Fonds pour l'infrastructure
Depuis qu'il a annoncé en grandes pompes en mars 2013 son nouveau plan en infrastructures pour les 10 prochaines années, le gouvernement fédéral n'a pas soufflé mot des nouveaux paramètres du Fonds Chantiers Canada. « Pire, il ajoute dans le budget qu'il est toujours en mode "consultation". Il n'est pas acceptable qu'après un an, le gouvernement fédéral n'ait toujours pas entamé de négociations avec les provinces. Au rythme où vont les choses, je m'inquiète du fait que nos partenaires ne puissent réaliser des projets d'infrastructures, avec l'aide financière fédérale, au cours de la saison de construction de 2014 », a indiqué le ministre des Finances et de l'Économie.

« Si le gouvernement fédéral avait adopté l'approche proposée par le Québec, soit de verser les fonds de ce nouveau plan sous la forme d'un transfert "en bloc", il est clair que tout serait réglé avec le Québec et que les projets seraient prêts à débuter dès ce printemps. Au lieu de procéder avec efficacité, le gouvernement fédéral préfère négocier à la pièce, faire de la microgestion et dédoubler le travail du Québec», a ajouté le ministre des Finances et de l'Économie.

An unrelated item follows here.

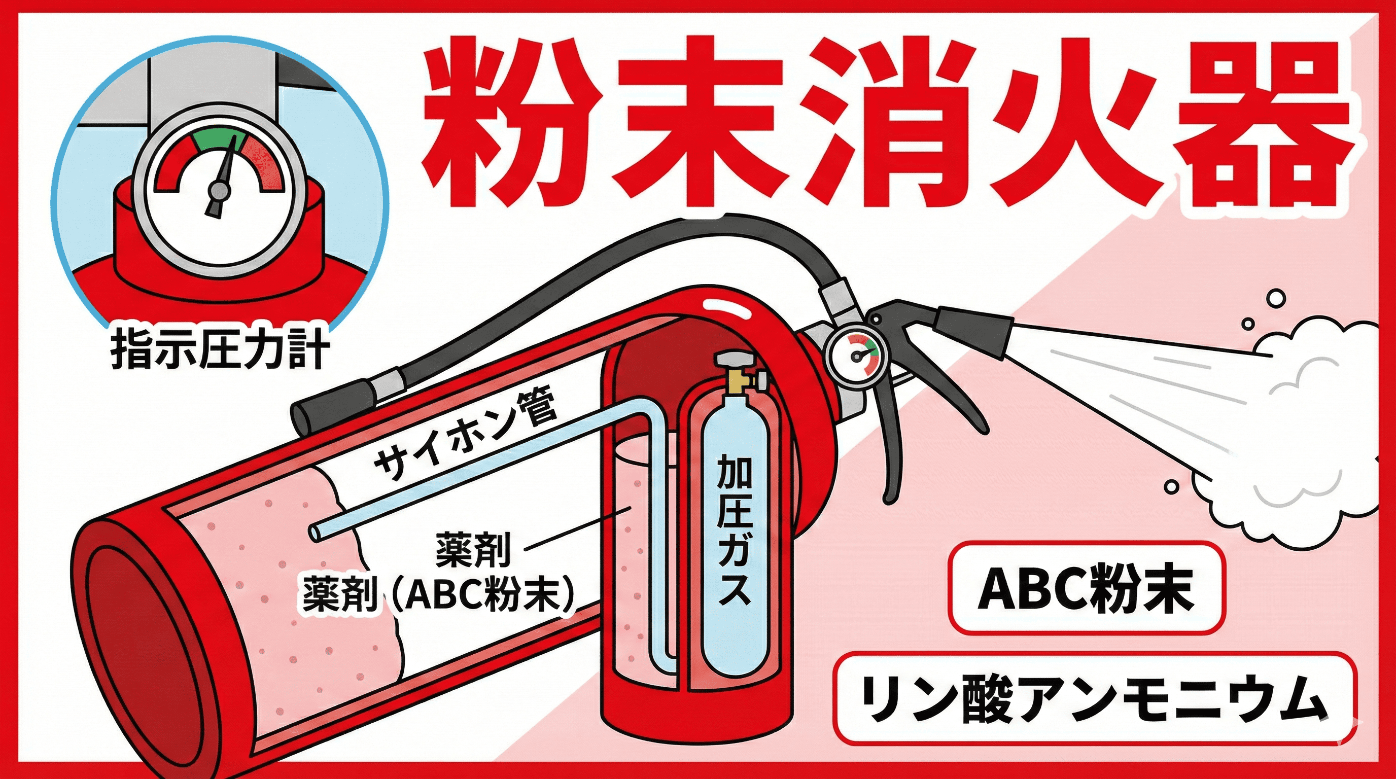 粉末消火器とセットで試験に出ることが多い消火器です。粉末の弱点(再燃しやすい)を補うのが強化液消火器――この関係を押さえると、試験問題がグッと解きやすくなります。

L'automobile encore favorisée au détriment de la forêt
Comme c'est le cas depuis plusieurs années, le fédéral démontre encore une fois qu'il préfère investir dans l'industrie automobile ontarienne plutôt que de soutenir l'industrie forestière du Québec.

« Au cours des deux prochaines années, le gouvernement fédéral va consacrer 500 millions de dollars supplémentaires pour soutenir l'innovation dans l'industrie automobile alors qu'il ne compte allouer que 45 millions de dollars de plus pour l'innovation dans l'industrie forestière. Voilà une autre preuve que le gouvernement Harper a abandonné le Québec », a conclu le ministre.